The Linux kernel mailing list comprises the core of Linux development activities. Traffic volumes are immense, often reaching ten thousand messages in a given week, and keeping up to date with the entire scope of development is a virtually impossible task for one person. One of the few brave souls to take on this task is Zack Brown.

Our regular monthly column keeps you abreast of the latest discussions and decisions, selected and summarized by Zack. Zack has been publishing a weekly online digest, the Kernel Traffic newsletter for over five years now. Even reading Kernel Traffic alone can be a time consuming task.

Linux Magazine now provides you with the quintessence of Linux Kernel activities, straight from the horse's mouth.

New Complete git Repository

Peter Stahlir asked whether anyone had put together a complete git tree of the kernel, from version 0.01 to the present. Periodically, this topic arises, and Linus Torvalds recently asked people to try to do it. This time, Dave Jones said he'd been working on it and was trying to split the repository into as many separate patches as possible, rather than making each official version a single mega-patch. Dave said he was trying to include every -pre, -test, and -rc patch as a separate commit.
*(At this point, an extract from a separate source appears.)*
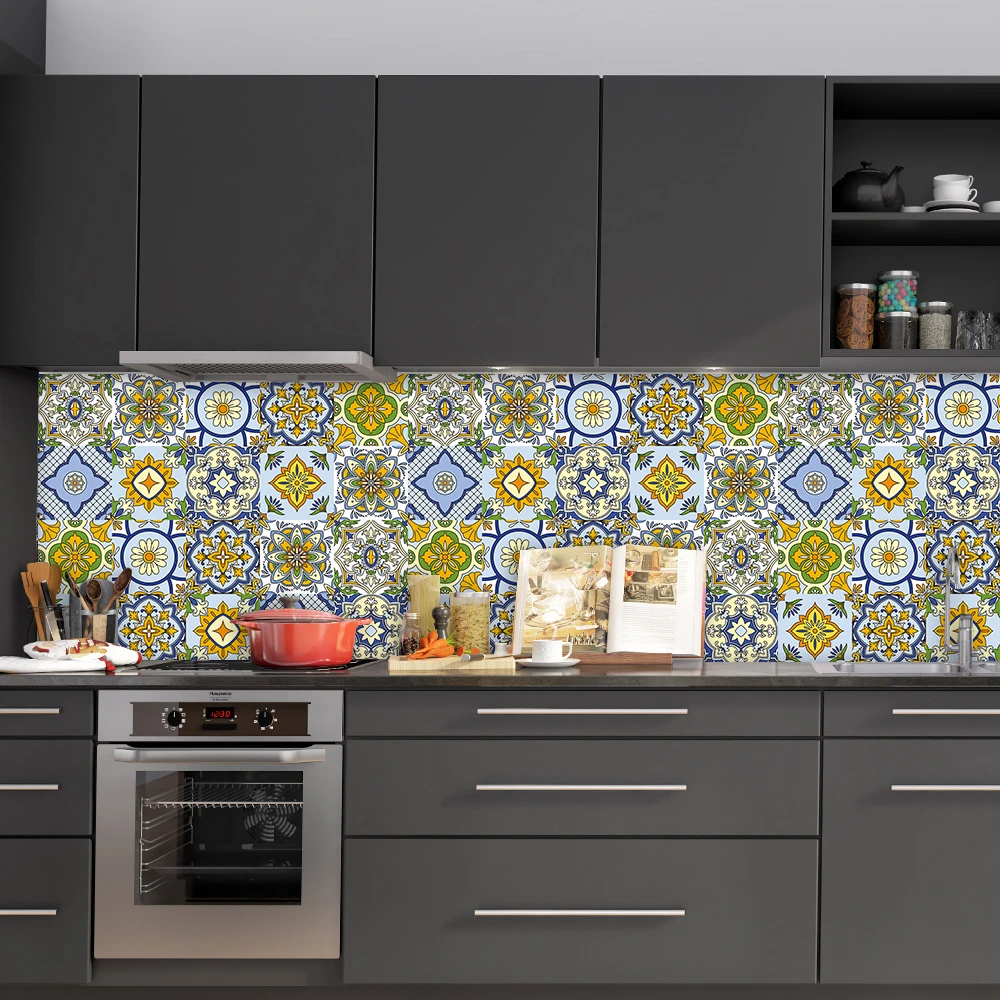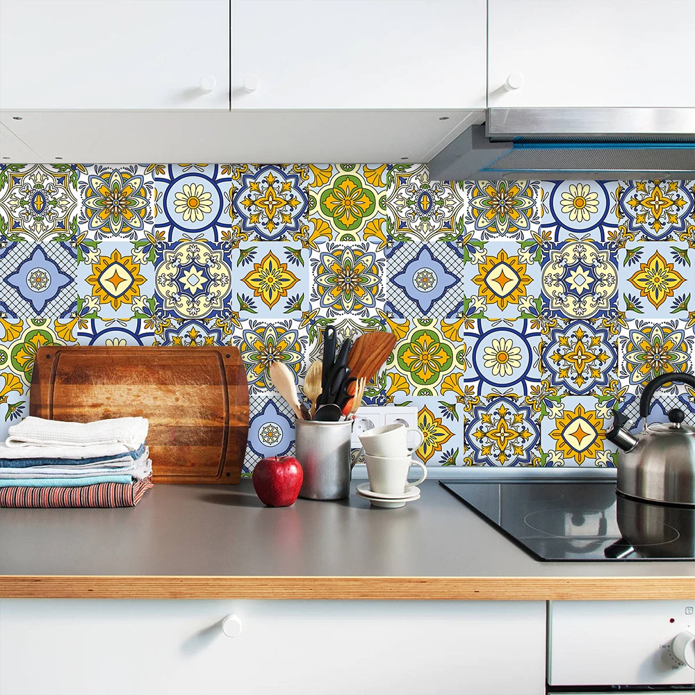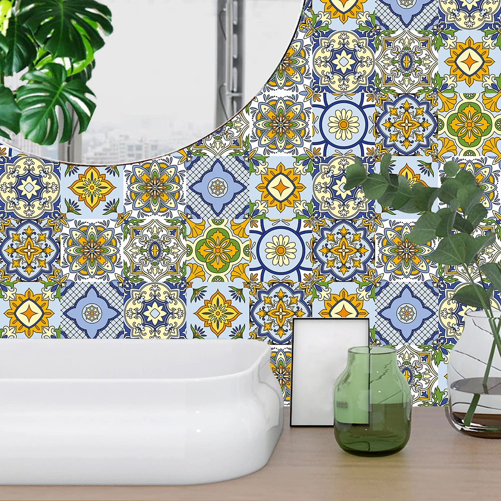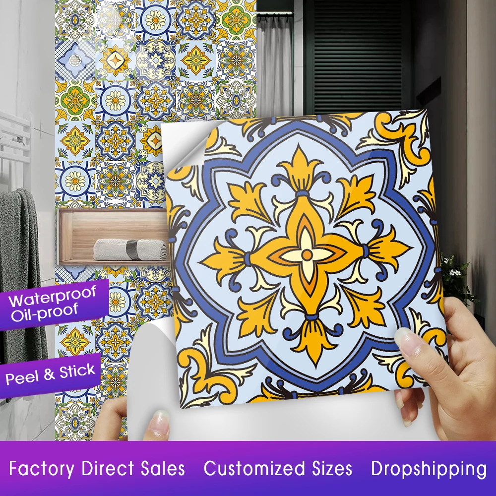 Красочная Ретро Хрустальная твердая керамическая плитка, настенная наклейка для кухни, ванной, художественная роспись, домашний декор, блестящая поверхность, виниловые наклейки на стену

Also, Dave was attempting to include the actual changelogs for as many of the commits as possible, something no one else has tried because of the horrifying size of the task. Remember that back then, "changelog" might mean a snippet of email in the middle of a long thread. Along the way, whenever Dave encountered people working on similar projects, he grabbed any changelogs he needed to fill in the gaps.

Dave's final result goes all the way up to v2.4, the point at which Linus started using BitKeeper. Git repositories covering 2.4 to the present already exist, so Dave's work just completes the history back to the beginning.
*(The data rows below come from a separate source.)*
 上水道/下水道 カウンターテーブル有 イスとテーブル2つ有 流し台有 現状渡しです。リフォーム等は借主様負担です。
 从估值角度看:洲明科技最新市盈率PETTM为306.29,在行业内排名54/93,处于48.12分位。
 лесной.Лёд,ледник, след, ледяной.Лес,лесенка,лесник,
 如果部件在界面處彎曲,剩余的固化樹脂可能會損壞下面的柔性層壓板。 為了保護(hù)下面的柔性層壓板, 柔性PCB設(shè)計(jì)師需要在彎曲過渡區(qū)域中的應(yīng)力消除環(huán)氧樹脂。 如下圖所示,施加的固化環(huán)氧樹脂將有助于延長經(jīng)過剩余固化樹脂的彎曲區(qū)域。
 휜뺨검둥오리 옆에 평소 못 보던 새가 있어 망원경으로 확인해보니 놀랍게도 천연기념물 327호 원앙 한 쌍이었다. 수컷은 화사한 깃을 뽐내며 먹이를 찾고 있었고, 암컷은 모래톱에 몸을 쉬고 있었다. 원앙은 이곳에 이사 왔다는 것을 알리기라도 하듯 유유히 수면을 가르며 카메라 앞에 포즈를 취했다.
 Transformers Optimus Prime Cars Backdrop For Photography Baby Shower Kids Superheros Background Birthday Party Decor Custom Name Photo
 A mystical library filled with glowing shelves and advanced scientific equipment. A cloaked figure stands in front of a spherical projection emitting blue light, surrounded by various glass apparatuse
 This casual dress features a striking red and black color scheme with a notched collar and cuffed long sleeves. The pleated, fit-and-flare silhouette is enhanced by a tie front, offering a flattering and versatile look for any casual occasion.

Dave published a 2G repository that includes more than a thousand commits, almost half of which have changelog entries associated with them: git://git.kernel.org/pub/scm/linux/kernel/git/davej/history.git

Also, the repository includes the full history, including all forks for stable/development trees and any other experimental trees Linus introduced along the way. Unfortunately, it appears that several kernel releases have been lost forever.

Also, now that Dave has published his work, more data continues to be added to the archive and errors are being corrected. The true record might not be complete for some time, and revisions will continue to be added as more information is discovered.

New Drivers

Adrian McMenamin wrote code to support the CD-ROM drive on the SEGA Dreamcast. Also, his driver implements the proprietary Sega Packet Interface and supports the proprietary Giga Disk ROM disc format (known as the GD-ROM format). Several folks offered technical feedback, and Adrian quickly submitted updated patches based on their criticisms. After a while, criticisms ended and the updated patch seems likely to go into the main tree.

Jochen Friedrich coded up support for the watchdog timer on PowerQUICC hardware, and this watchdog can be activated by the bootloader. After activation, it cannot be disabled again but must be reset periodically to prevent an automatic reboot. No real criticism was directed toward the patch, so it looks like it's going in.

Alex Dubov has submitted a GPLed patch supporting Sony's secret, proprietary protocol for their MemoryStick card, found in many Sony products. Alex also added an entry to the MAINTAINERS file listing himself as the official maintainer.

Darrick J. Wong wrote and submitted a driver to report the voltage, temperature, and fan sensor readings for the ADT7473 monitor chip.

Steve Hardy wrote a driver to support the Burr-Brown/Texas Instruments ADS7828 12-bit, 8-channel A/D converter used to monitor voltage on some off-the-shelf processors.

Andrzej Zaborowski submitted the OMAP1 PWL-based LCD backlight driver for inclusion in the main tree; the driver had been living for a while in the OMAP tree, and the time seemed right to get it into the mainline kernel.

David Sterba felt the time had come to migrate the 3G UMTS PCMCIA card wireless driver from Andrew Morton's -mm kernel into the mainline tree, so he submitted the patch. As it turned out, several folks had some technical issues that hadn't come up when the code only lived in the -mm tree. Alan Cox and others offered technical criticisms, and David promptly submitted an updated patch addressing these concerns. At this point, Jiri Kosina approved the patch and passed it up to Andrew, who also approved it and passed it up to Linus Torvalds.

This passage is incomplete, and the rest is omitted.